§ **Task brief**
Repeat the listing below in full and exactly, but without its pictures.

Material for this exercise START

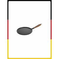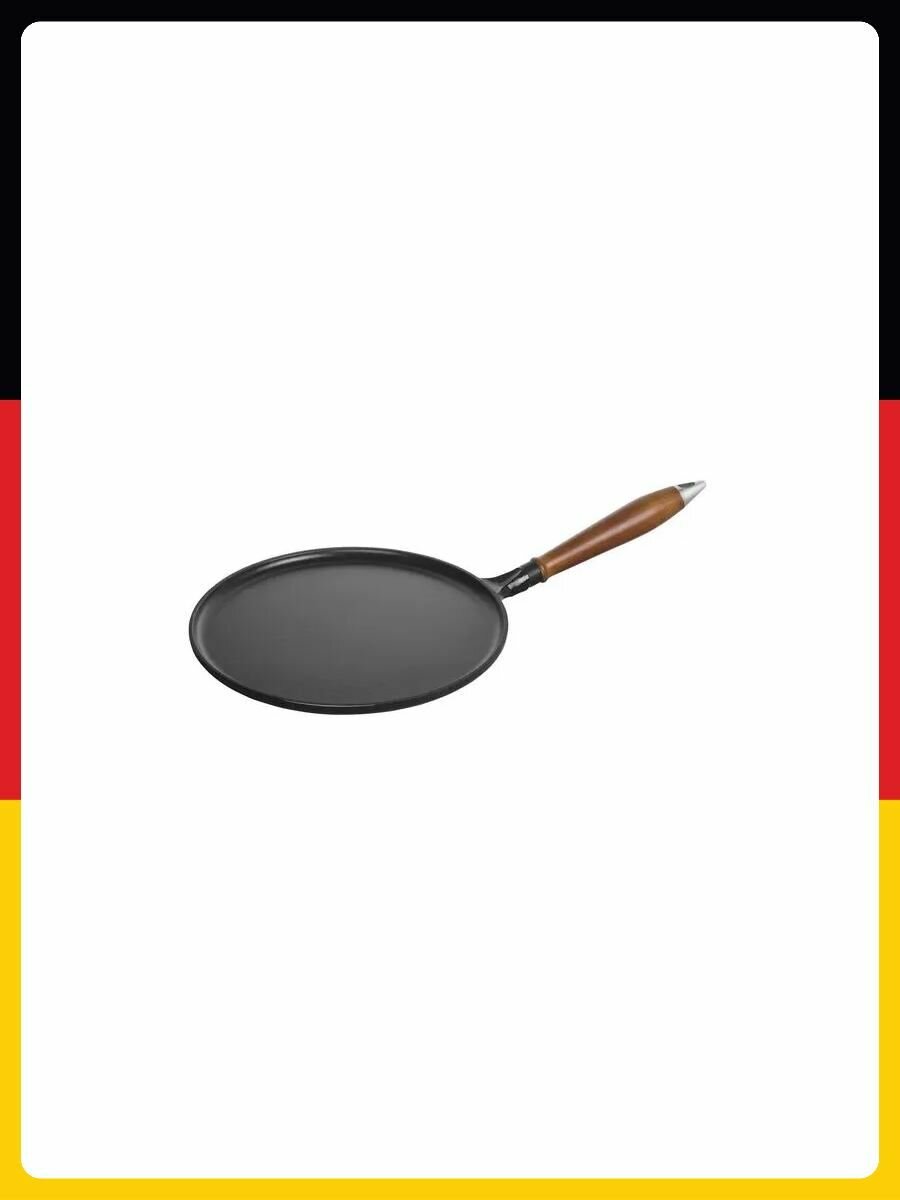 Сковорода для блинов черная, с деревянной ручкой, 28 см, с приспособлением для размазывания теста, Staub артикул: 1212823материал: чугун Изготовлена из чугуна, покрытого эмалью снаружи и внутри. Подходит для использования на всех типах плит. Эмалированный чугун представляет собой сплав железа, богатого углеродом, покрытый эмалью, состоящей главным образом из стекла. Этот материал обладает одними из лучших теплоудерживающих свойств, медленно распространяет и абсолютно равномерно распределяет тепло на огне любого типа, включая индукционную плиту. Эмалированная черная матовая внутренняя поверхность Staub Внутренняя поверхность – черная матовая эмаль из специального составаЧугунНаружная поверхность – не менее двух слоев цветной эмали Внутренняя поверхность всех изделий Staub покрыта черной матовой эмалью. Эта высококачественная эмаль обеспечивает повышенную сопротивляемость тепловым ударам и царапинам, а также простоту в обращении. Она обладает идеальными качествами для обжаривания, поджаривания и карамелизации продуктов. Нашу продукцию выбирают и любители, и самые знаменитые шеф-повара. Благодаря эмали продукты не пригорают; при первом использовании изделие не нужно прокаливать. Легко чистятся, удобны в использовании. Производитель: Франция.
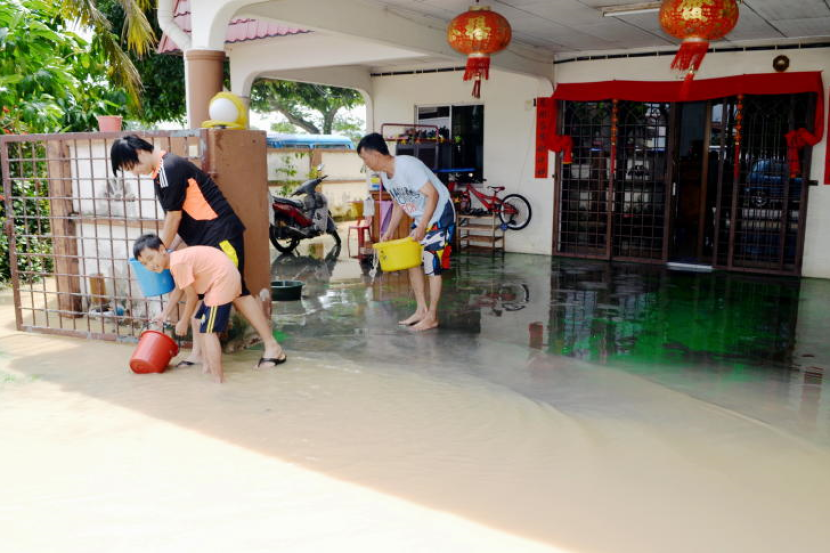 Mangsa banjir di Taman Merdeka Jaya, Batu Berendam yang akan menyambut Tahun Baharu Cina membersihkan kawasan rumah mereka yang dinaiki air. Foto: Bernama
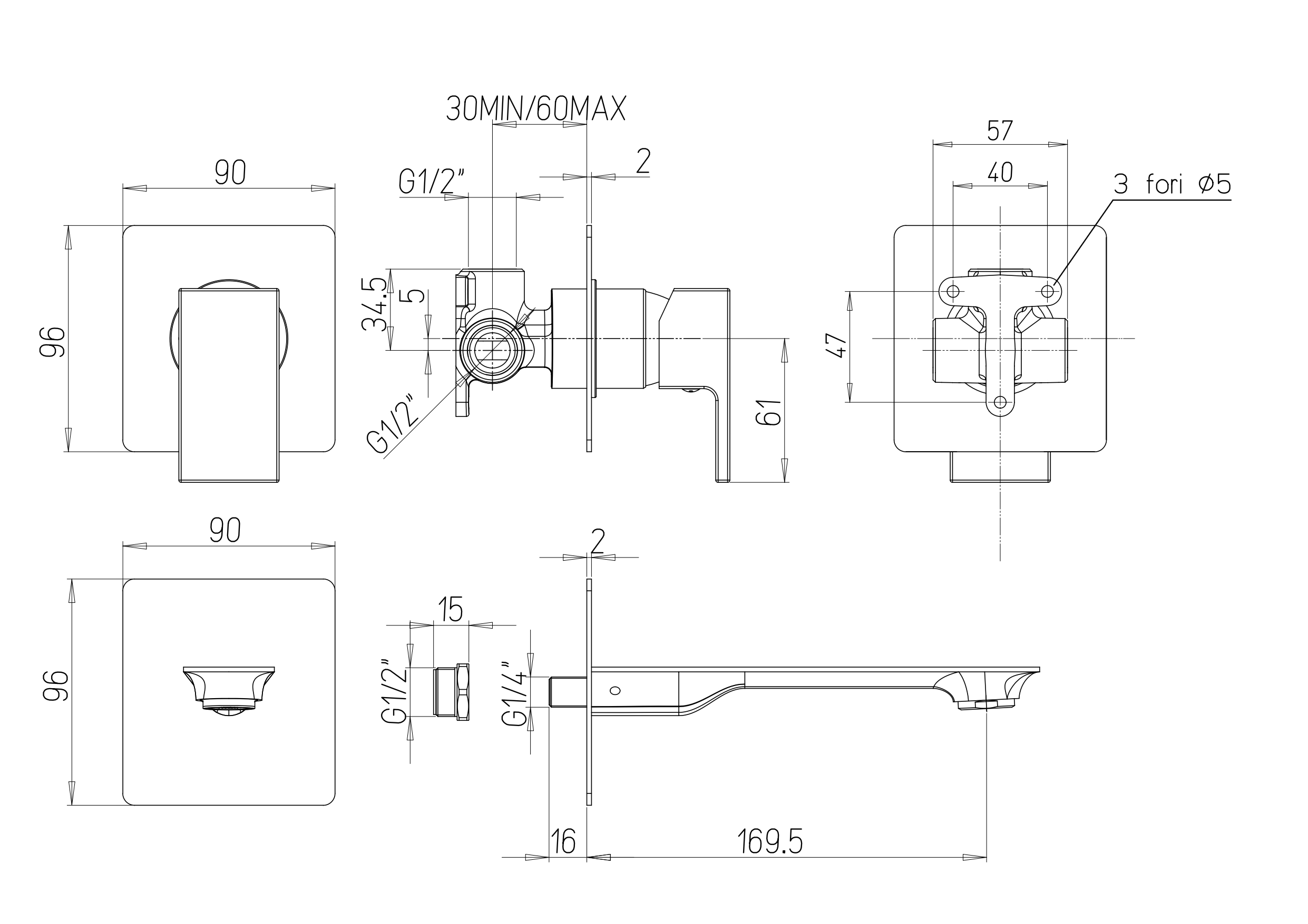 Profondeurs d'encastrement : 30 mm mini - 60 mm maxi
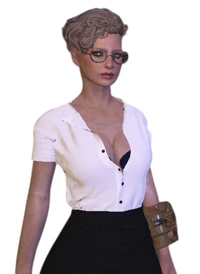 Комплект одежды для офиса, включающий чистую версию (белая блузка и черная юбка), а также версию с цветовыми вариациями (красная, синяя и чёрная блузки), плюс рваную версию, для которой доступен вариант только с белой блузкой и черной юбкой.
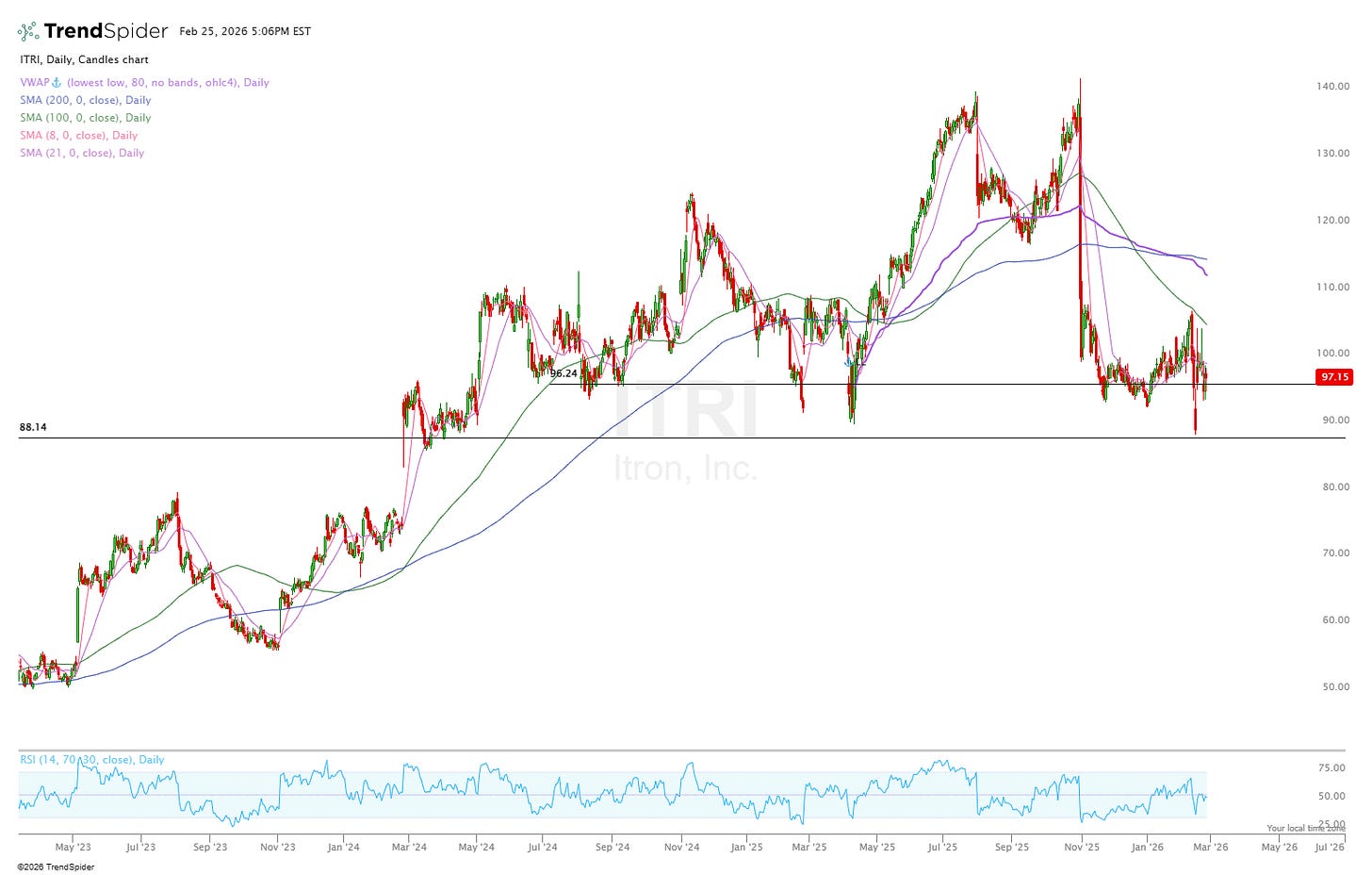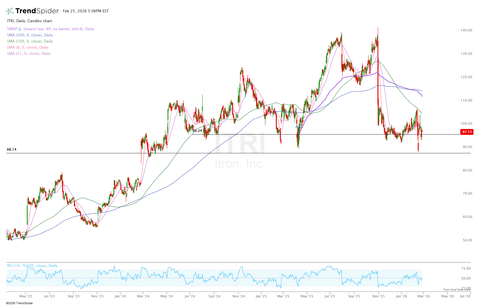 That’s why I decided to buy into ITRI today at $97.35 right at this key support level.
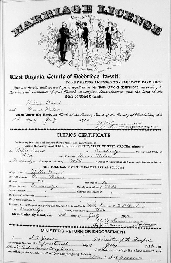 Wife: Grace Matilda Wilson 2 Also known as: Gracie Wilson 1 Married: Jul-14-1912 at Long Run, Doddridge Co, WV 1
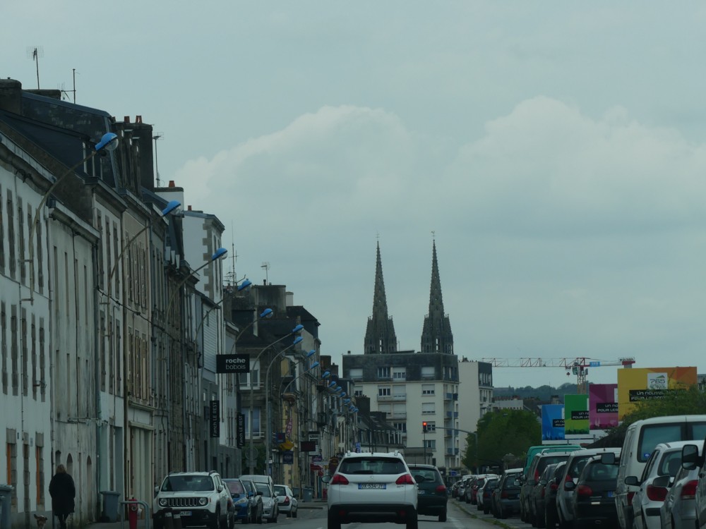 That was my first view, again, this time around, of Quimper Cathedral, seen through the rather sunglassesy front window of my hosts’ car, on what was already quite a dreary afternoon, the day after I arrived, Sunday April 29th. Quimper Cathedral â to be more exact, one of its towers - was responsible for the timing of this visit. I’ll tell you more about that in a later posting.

Material for this exercise END

§ **Answer to the exercise**
 Сковорода для блинов черная, с деревянной ручкой, 28 см, с приспособлением для размазывания теста, Staub артикул: 1212823материал: чугун Изготовлена из чугуна, покрытого эмалью снаружи и внутри. Подходит для использования на всех типах плит. Эмалированный чугун представляет собой сплав железа, богатого углеродом, покрытый эмалью, состоящей главным образом из стекла. Этот материал обладает одними из лучших теплоудерживающих свойств, медленно распространяет и абсолютно равномерно распределяет тепло на огне любого типа, включая индукционную плиту. Эмалированная черная матовая внутренняя поверхность Staub Внутренняя поверхность – черная матовая эмаль из специального составаЧугунНаружная поверхность – не менее двух слоев цветной эмали Внутренняя поверхность всех изделий Staub покрыта черной матовой эмалью. Эта высококачественная эмаль обеспечивает повышенную сопротивляемость тепловым ударам и царапинам, а также простоту в обращении. Она обладает идеальными качествами для обжаривания, поджаривания и карамелизации продуктов. Нашу продукцию выбирают и любители, и самые знаменитые шеф-повара. Благодаря эмали продукты не пригорают; при первом использовании изделие не нужно прокаливать. Легко чистятся, удобны в использовании. Производитель: Франция.
 Mangsa banjir di Taman Merdeka Jaya, Batu Berendam yang akan menyambut Tahun Baharu Cina membersihkan kawasan rumah mereka yang dinaiki air. Foto: Bernama
 Profondeurs d'encastrement : 30 mm mini - 60 mm maxi
 Комплект одежды для офиса, включающий чистую версию (белая блузка и черная юбка), а также версию с цветовыми вариациями (красная, синяя и чёрная блузки), плюс рваную версию, для которой доступен вариант только с белой блузкой и черной юбкой.
 That’s why I decided to buy into ITRI today at $97.35 right at this key support level.
 Wife: Grace Matilda Wilson 2 Also known as: Gracie Wilson 1 Married: Jul-14-1912 at Long Run, Doddridge Co, WV 1
 That was my first view, again, this time around, of Quimper Cathedral, seen through the rather sunglassesy front window of my hosts’ car, on what was already quite a dreary afternoon, the day after I arrived, Sunday April 29th. Quimper Cathedral â to be more exact, one of its towers - was responsible for the timing of this visit. I’ll tell you more about that in a later posting.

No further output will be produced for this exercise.